By Armin U. Kuder
“How much alimony am I entitled to?” This used to be a question only asked by economically dependent women. It is now being asked by men who do not earn as much as their wives, and same-sex partners. Whoever the questioner, we family law practitioners invariably give a carefully crafted, limited, response. Often, something like, “it depends.” Traditionally, alimony was supposed to permit the economically dependent spouse “to live in the manner to which the family had been accustomed.” In actuality, two households could not live without change on the income formerly supporting one household. Numerous studies showed that women, particularly those with children, quickly ended up far below either their former lifestyle or the paying husband’s lifestyle after divorce.

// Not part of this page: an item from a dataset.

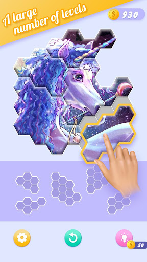 You will have a great leisure time by matching pieces and creating amazing art pictures (flowers, animals, unicorn, constellation, characters, and landscapes, etc.) in your hand. All you need to do is to unlock all the art images/pictures by collecting enough "Stars". Also, you can challenge to test the limits of your brain to solve all jigsaw puzzles without using "Hints".

One of the things which resulted from the research on family incomes after divorce was the creation of a federal requirement that all states taking federal aid for dependent children enact and enforce guidelines for the payment and collection of child support. Too many children were living in single-parent homes below the poverty level, with able, non-custodial parents living under better circumstances. It did not take long for family lawyers to see how this federal requirement changed the playing field in child support cases. After the States established guidelines, rather than lengthy trials over what is appropriate, in the vast majority of cases, child support was settled by reference to the State’s guideline. If there were going to be battles, they came either because the family’s substantial income was above the state’s guideline, or there were genuine issues as to how much income either parent had. This simplified many cases.
There have been no comparable guidelines with respect to spousal support or alimony. The question has remained quite debatable. Studies of court awards of alimony have shown what a wide disparity there can be from court-to-court and case-to-case. There have been some non-governmental efforts to come up with rules for determining appropriate alimony. Foremost among them are guidelines issued by the American Academy of Matrimonial Lawyers; and those published by the Bruce A. Kaufman Center for Family Law of the Women’s Law Center of Maryland, known as the Kaufman Guidelines. The Maryland Court of Appeals has said that it is not wrong for a judge to look at such guidelines, provided he or she does not base the decision only on them; a step toward giving the legal profession some more specific standards, but not a giant one. In Virginia, Fairfax County has guidelines for temporary alimony after a suit has begun, but not for final awards. The field remains wide open.
One state, Massachusetts, does have a law applying to alimony which is similar in its purpose to that of the child support laws enacted in all states; similar in the sense that it attempts to define alimony and set forth some standards for payment of alimony. It resolves many questions that are subject to debate between lawyers and in the family and divorce courts, including how to treat the tax aspects of alimony, capital gains, financial transactions between the couple before marriage, employment and employability, the duration of the alimony and whether it should be limited in time or open-ended. Under the law of Massachusetts, alimony is generally not to exceed 30 to 35 percent of the difference between the parties’ gross incomes, absent specific findings as the need to vary from that.
The Massachusetts approach is something less than the specific guideline amounts that have reduced arguments about child support. Still, enactment of such standards would tend to limit or simplify divorce and spousal support trials in jurisdictions without such standards. Until that happens, persons seeking a divorce in the Commonwealth of Virginia, the State of Maryland or the District of Columbia need to become familiar with a large number of cases which deal with the various factors that will be taken into account by a court, and they still will end up with, “it depends.”